Di negeri yang gelap.

Setiap cabang dari Pohon Kehidupan yang kolosal itu dipenuhi dengan kekuatan kehidupan.

Mereka memancarkan cahaya hijau zamrud yang cemerlang bagaikan lautan energi hijau.

Semua orang yang diselimuti olehnya kehilangan kekuatan hidup dan umur mereka, entah itu Iblis Kuno yang telah diubah oleh Zhao Shanling, Kaisar Dewa Langit Biru Yin Xingtian, Dong Li, Feng Beiluo, atau para ahli manusia lainnya.

MENGAUM!

Saat Iblis Kuno itu mengaum dalam bahasa iblis kuno, kata-katanya tampak berubah menjadi rune yang melesat keluar dari wujud iblisnya yang gigantik.

Sejumlah besar simbol dan rune iblis berwarna hitam pekat dan ungu tua yang mencatat kelahiran, kebangkitan, dan kemakmuran ras Iblis di Dunia Kekosongan bangkit dari wujud iblisnya, dan meledak di ruang antara dirinya dan Pohon Kehidupan, seolah-olah untuk mempertahankan diri dari kekuatan mengerikannya.

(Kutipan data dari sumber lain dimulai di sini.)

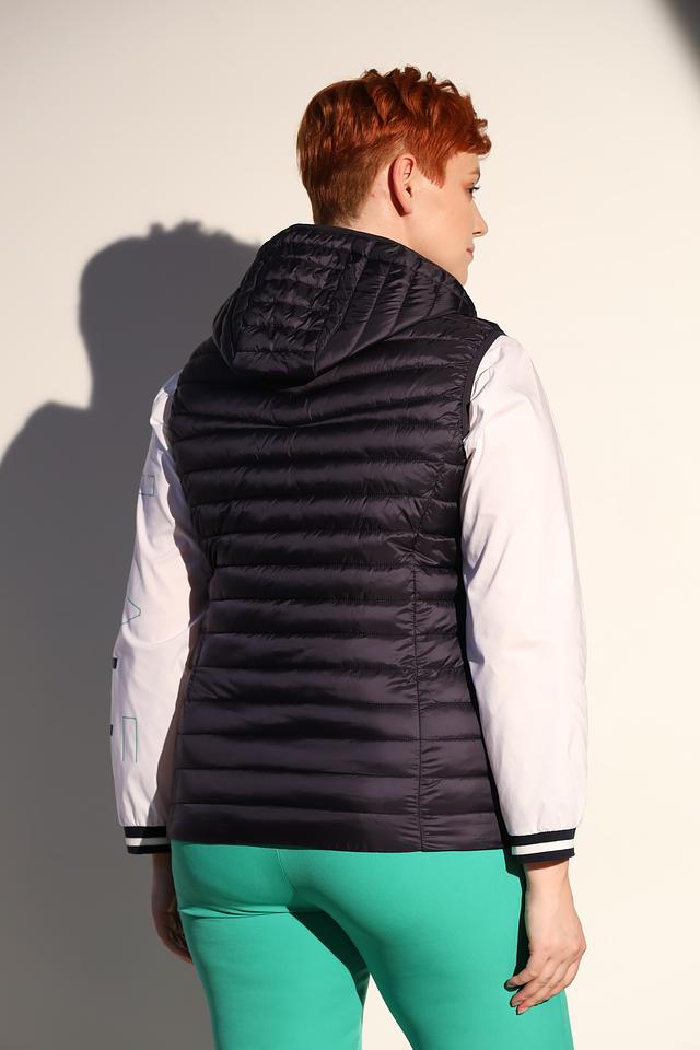 Модель имеет удобный капюшон, который защитит от ветра и небольшого дождя. Застежка-молния позволяет быстро и легко надевать и снимать жилет. Боковые карманы на молнии обеспечивают безопасное хранение необходимых мелочей.

“Jiwa Iblis Mengguncang Surga!”

Sebuah pilar kekuatan jiwa berwarna sian meledak dari dahi Iblis Kuno tersebut.

Seperti Sungai Nether milik Penguasa Agung Roh Surgawi, pilar kekuatan jiwa itu tampak terbuat dari simbol-simbol jiwa kecil yang tak terhitung jumlahnya, dan membawa banyak pengetahuan mendalam tentang jiwa yang tidak akan diajarkan oleh para Roh Nether kepada orang lain.

“Hmm?!” Kelima dewa jahat, yang terpencar di area berbeda dan tidak melakukan apa pun karena hilangnya Nie Tian secara tiba-tiba, berseru secara bersamaan.

Mereka merasa bingung harus berbuat apa setelah kesadaran terakhir Penguasa Agung Roh Surgawi musnah dan Nie Tian memasuki Jurang Kegelapan.

Aura Pohon Kehidupan memiliki banyak kesamaan dengan aura Esensi Darah Nie Tian, yang telah diresapkan dan digunakannya untuk membangun tubuh mereka. Hal ini membuat mereka condong ke arah Pohon Kehidupan.

Namun, Zhao Shanling dan Nie Tian sudah lama saling mengenal, dan ucapannya sebelumnya cukup meyakinkan.

Apakah Pohon Kehidupan benar-benar musuh Nie Tian?

Karena mereka tidak dapat menemukan jawaban atas hal itu, mereka memutuskan untuk menahan diri dan menjauh dari pertempuran sengit antara Zhao Shanling dan Pohon Kehidupan.

Namun, pada saat ini, mereka dengan tajam merasakan bahwa Iblis Kuno yang menjadi wujud Zhao Shanling sedang merapal mantra jiwa yang mendalam milik para Roh Nether.

Sebuah tanda prismatik yang menakjubkan tampak terkondensasi oleh Zhao Shanling dengan kekuatan jiwa, dan bermanifestasi di antara kedua alisnya. “Aku menjalani hidup sebagai seorang Roh Nether.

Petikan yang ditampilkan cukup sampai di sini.